Exactly, I still have a bunch of 2gb 4B models that I am using for random things. I was very excited when I saw these were in stock and ran out to grab one haha
You mentioned that the Raspberry Pi got hot, if you didn’t have any cooling on it then it may of been getting throttled why you had a low initial test.
Yes, it was quite hot! I am going to get an active cooler for it and will test again to see if there is a difference. I was also wondering about throttling.
Nice test. I decided to add a second m.2 to my Jetson Orin Nano Super to give 20gb of virtual ram. Given the better Architecture it should run the 11b and 13b models at a reasonable pace. Exciting times for mobile platforms and local LLMs.
@@ianfoster99 Any fast SSD should be fine. I did a 256Gb but only set a ram swap of 20Gb. You don't want to over allocate. Plus wear rates will be higher so I have lots of unallocated space as regions go bad. You can set it up with the Disks utility in Ubuntu, or with python code. ChatGPT can help with that. Good luck.
Thats a very cool setup, with the increased swap.
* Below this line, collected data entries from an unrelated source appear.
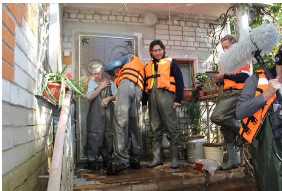
На нем те самые штаны, которые пользуются популярностью среди впечатлительных девушек

После отъезда именитого гостя, данный элемент одежды каким-то образом попал к нам в музей.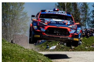
Moj najljubši hobi - reli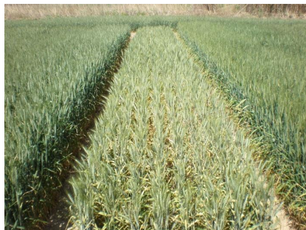
Figura 1. Descens productiu de les varietats més afectades per rovell groc als assajos de varietats de la Tallada d'Empordà a les campanyes 2015 i 2016, amb el % de superfície foliar afectada mitjana en cada cas.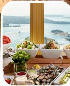
SKYFEAST BUFFET SYDNEY TOWER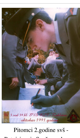
Pitomci 2.godine svš - Potpisivanje Svečane obaveze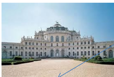
F. Juvarra, la stravagante Palazzina di caccia di Stupinigi (... sul tetto c'è la statua di un cervo!), Nichelino (Torino)

Evoluzione del Barocco, il termine deriva dal francese rocaille (conchiglia) elemento decorativo molto usato all'epoca. Nel R. predominano le forme sinuose, le curve le sinuosità, le decorazioni fittamente intrecciate, i tralci di vite, i concavi e i convessi.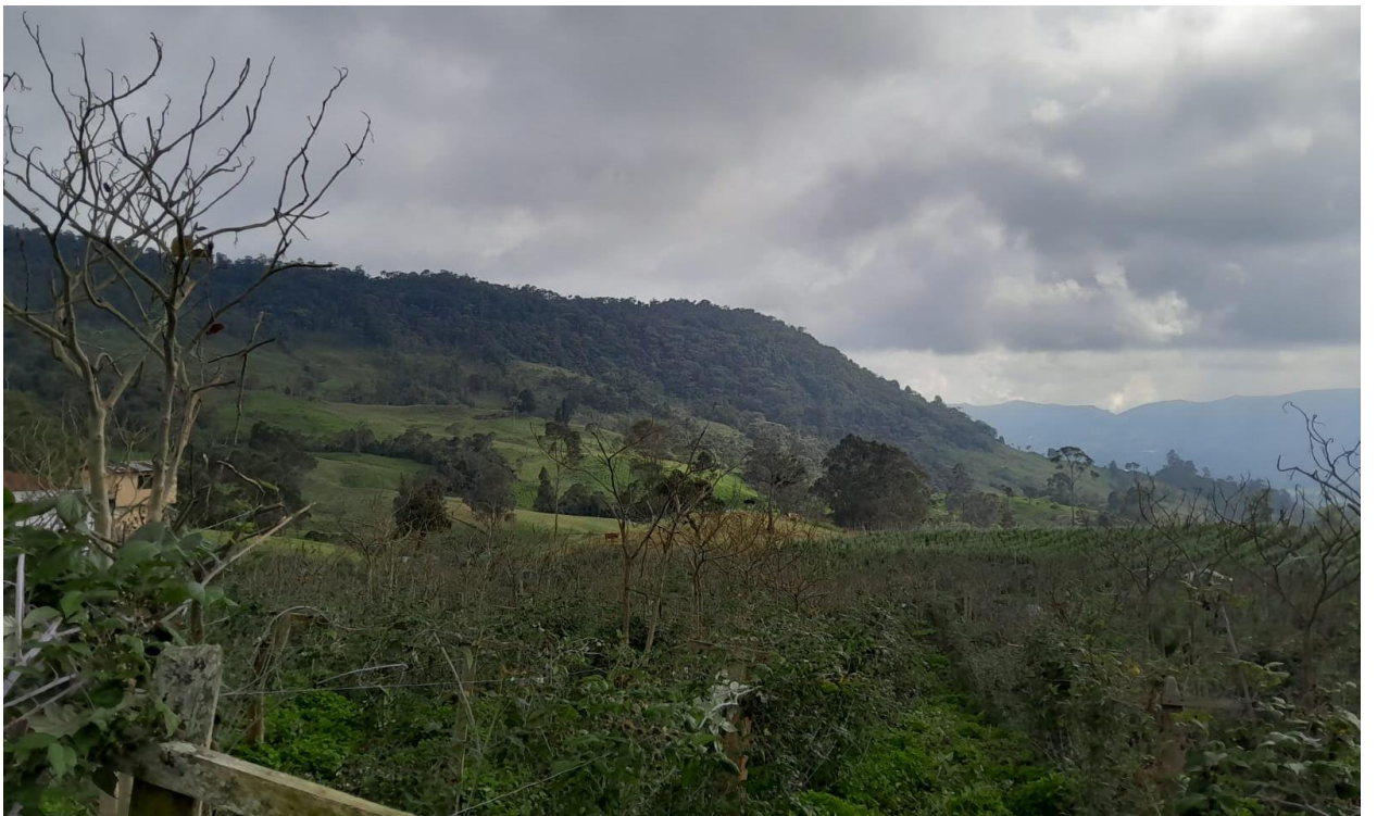
Ilustración 20, paisaje suroriental de la vereda

I am interested to know your results when you test the larger llms. Definitely exciting time for local llm and SBC's
Interesting! Could you or anyone on this thread share a link to a video explaining how to add this additional virtual ram with a second m.2 on the Jetson Orin Nano Super? Thanks!
Great video! I just wonder if this is the same exact dimensions as the regular pi 5 for cluster cases if so I’ll finish my cluster with this to replace the 8gb home assistant server. I think these pi’s are amazing for what they are.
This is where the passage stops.